Workers on palm oil plantations are frequently exploited – likewise their children. Solidar Suisse has investigated conditions on the plantations and is campaigning for an improvement in the living and working conditions of migrants in the palm oil industry of Sabah on Borneo. 

Solidar Suisse is working with the partner organisation Asia Monitor Resource Centre (AMRC) on the crosslinking of grassroots organisations fighting for better working conditions and a more sustainable production of palm oil in Southeast Asia.

Together, we investigated the work situation on palm oil plantations in Sabah Province in the Malaysian part of Borneo. Investigations revealed that most of the palm oil workers are migrants from Indonesia, who in many cases do not have a valid work or residence permit, allowing them to fall easy prey to exploitation. The absence of permanent employment contracts and wages dependent on harvesting quotas also leads to child labour, as the often-stateless children have to help their parents achieve unrealistically high harvesting targets.
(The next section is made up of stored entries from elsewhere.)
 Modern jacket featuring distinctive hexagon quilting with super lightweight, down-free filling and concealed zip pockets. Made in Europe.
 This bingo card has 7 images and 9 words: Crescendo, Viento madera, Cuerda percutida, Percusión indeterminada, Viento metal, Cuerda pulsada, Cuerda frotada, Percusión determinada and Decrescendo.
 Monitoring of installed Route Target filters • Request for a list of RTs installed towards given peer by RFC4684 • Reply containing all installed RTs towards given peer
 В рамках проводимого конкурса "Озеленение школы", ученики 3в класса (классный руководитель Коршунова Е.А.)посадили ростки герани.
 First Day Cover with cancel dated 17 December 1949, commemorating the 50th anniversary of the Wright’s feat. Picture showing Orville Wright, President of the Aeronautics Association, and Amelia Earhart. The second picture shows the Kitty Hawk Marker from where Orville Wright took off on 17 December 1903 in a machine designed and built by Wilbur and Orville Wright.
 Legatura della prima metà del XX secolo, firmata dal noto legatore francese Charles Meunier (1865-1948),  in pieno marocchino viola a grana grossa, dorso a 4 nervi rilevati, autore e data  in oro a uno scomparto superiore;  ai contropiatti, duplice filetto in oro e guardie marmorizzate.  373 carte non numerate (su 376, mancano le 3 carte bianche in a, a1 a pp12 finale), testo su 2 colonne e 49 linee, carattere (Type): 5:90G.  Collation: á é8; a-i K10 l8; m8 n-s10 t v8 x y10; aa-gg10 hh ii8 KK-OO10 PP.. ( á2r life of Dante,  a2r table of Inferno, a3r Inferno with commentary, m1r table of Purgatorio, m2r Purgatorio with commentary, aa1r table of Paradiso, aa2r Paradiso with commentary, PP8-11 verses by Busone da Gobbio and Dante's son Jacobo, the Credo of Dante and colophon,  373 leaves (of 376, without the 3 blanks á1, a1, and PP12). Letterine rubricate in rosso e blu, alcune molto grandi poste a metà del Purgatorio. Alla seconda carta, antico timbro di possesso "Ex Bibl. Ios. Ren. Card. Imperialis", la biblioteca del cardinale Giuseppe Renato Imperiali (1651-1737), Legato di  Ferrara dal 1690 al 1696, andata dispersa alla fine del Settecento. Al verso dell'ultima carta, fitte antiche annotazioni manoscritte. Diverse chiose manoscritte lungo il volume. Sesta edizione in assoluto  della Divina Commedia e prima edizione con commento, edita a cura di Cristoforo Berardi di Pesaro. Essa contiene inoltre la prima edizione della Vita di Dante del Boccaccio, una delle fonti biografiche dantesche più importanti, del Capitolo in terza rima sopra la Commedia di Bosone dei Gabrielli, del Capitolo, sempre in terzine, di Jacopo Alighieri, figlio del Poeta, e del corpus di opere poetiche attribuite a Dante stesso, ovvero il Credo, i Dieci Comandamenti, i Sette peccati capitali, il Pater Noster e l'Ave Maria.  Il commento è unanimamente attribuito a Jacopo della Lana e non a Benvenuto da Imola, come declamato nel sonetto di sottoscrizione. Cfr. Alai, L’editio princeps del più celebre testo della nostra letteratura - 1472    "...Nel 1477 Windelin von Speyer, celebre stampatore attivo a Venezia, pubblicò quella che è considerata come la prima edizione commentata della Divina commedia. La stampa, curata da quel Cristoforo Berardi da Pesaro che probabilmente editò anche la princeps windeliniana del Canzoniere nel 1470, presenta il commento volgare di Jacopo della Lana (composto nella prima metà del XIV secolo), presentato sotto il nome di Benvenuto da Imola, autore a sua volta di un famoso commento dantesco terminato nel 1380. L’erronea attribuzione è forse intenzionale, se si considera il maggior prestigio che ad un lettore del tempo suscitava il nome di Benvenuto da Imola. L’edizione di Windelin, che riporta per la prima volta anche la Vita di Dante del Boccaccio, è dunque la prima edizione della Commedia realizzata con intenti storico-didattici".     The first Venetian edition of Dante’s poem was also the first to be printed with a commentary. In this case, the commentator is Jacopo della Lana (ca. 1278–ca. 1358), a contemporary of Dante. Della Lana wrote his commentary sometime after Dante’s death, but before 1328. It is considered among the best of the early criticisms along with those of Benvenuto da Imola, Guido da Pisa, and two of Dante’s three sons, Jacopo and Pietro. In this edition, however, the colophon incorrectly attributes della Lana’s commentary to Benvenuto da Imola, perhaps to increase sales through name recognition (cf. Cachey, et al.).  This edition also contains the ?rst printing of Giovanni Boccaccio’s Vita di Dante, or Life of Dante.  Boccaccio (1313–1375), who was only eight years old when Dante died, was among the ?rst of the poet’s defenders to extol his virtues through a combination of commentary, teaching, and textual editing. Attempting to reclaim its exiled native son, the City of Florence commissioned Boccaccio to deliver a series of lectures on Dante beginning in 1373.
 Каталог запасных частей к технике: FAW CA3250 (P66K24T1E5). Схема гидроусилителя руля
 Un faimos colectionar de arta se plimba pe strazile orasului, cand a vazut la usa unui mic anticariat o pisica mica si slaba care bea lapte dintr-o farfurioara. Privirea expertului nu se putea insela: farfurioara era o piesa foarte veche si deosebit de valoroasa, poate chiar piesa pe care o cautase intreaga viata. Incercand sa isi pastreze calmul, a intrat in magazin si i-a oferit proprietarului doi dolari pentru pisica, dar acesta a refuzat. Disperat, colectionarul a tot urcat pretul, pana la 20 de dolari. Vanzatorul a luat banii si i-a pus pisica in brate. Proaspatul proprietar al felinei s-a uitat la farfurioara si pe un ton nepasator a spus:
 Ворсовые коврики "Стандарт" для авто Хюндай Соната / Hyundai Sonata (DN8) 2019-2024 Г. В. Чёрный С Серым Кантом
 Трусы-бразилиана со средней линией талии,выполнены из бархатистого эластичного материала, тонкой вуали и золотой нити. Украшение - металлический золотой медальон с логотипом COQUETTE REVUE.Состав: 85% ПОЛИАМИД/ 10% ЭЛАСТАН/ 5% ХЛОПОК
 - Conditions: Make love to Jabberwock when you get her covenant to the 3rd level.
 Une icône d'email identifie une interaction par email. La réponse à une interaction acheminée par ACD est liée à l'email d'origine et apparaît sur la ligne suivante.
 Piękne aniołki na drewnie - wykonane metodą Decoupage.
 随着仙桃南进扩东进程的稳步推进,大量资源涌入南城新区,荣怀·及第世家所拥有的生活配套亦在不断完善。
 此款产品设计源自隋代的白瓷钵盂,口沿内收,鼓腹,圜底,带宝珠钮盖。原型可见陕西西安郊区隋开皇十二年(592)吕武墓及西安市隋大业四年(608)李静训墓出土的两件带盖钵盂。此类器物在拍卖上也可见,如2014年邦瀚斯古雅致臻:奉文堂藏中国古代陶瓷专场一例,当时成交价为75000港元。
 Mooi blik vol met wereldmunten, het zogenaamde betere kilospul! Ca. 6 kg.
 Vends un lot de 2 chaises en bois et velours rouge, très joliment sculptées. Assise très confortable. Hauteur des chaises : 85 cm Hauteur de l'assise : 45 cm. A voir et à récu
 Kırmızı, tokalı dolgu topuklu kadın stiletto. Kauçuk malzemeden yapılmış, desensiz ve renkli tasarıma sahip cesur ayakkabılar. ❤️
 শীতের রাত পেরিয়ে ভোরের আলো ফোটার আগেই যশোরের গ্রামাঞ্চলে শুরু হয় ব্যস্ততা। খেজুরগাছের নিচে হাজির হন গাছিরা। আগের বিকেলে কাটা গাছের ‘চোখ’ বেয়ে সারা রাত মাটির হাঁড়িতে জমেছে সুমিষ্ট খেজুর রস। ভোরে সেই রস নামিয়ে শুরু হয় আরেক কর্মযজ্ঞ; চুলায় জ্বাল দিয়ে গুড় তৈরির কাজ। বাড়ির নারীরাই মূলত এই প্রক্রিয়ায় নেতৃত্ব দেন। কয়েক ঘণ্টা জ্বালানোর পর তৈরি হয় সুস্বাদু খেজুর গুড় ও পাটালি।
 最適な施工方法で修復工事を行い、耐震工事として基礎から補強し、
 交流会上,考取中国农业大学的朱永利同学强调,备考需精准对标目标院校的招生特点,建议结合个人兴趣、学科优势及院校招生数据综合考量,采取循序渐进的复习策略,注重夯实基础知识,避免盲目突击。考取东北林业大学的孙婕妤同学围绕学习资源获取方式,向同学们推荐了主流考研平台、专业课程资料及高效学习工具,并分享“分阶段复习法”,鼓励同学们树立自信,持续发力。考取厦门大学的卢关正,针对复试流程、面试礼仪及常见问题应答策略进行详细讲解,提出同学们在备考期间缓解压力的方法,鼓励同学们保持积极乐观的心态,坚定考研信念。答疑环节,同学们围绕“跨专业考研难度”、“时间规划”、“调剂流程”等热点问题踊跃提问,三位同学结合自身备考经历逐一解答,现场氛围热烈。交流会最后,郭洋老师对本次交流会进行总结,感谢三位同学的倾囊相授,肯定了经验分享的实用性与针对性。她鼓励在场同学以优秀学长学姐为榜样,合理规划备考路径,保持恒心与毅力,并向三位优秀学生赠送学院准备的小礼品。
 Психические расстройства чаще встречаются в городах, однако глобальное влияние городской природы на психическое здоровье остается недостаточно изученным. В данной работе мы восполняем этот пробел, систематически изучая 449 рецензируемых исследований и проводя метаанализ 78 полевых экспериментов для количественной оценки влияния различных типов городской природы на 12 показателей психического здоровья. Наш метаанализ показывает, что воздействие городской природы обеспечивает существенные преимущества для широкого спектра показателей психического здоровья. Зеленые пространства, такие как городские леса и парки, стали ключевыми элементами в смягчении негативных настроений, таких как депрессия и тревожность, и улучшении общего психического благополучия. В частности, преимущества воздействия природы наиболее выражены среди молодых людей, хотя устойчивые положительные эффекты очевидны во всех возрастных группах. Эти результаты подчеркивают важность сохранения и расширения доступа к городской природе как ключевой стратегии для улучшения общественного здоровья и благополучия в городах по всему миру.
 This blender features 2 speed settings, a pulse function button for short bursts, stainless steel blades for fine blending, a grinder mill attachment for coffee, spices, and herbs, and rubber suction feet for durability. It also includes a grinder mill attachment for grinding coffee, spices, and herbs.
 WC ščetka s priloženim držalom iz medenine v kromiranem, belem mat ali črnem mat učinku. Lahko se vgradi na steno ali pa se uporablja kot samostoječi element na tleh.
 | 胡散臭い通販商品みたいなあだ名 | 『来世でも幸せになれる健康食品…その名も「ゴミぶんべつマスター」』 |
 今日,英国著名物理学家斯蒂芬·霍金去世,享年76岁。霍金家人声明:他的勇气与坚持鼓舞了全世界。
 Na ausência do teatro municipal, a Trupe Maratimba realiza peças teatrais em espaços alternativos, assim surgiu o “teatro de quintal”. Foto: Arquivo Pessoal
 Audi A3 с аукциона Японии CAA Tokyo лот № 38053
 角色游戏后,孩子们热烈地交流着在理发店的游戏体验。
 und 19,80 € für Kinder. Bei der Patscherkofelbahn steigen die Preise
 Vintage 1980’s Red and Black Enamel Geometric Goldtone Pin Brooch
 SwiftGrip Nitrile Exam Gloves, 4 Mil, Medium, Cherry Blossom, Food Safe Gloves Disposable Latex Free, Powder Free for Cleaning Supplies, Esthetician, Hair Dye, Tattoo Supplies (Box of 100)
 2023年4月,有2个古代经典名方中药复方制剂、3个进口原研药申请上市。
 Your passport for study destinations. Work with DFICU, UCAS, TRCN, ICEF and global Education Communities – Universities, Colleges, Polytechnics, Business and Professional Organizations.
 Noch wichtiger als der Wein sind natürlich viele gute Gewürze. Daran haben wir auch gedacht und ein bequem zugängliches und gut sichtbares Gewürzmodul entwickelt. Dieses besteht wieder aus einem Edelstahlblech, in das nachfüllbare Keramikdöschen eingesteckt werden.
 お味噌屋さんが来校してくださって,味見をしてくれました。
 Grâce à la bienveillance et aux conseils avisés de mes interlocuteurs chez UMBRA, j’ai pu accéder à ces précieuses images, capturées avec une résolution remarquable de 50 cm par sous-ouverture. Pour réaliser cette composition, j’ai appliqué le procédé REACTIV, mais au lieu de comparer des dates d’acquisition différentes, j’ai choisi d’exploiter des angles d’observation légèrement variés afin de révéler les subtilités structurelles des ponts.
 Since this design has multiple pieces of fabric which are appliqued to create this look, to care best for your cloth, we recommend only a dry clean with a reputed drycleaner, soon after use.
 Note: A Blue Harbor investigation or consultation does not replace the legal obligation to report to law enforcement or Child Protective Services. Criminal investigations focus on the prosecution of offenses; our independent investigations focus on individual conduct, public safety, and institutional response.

The situation of the women is particularly precarious, as they spray pesticides, thereby risking their health, as the necessary protective clothing is frequently lacking.

Solidar Suisse publicised the findings of this investigation in 2019 and is supporting Indonesian workers in order to enable them to fight for the improvement of their living and working situation.

  • We inform the migrants about their most important employment rights and support their networking and organising. 
  • We campaign for more children to be able to go to school and for improved access to health care for female plantation workers and their children.
  • We facilitate legal advice and support for migrants in emergency situations (e.g. deportations).
  • We explain to potential migrant workers in their places of origin in Indonesia (South Sulawesi and East Nusa Tenggara) about safe migration paths and about their rights and the law in Sabah.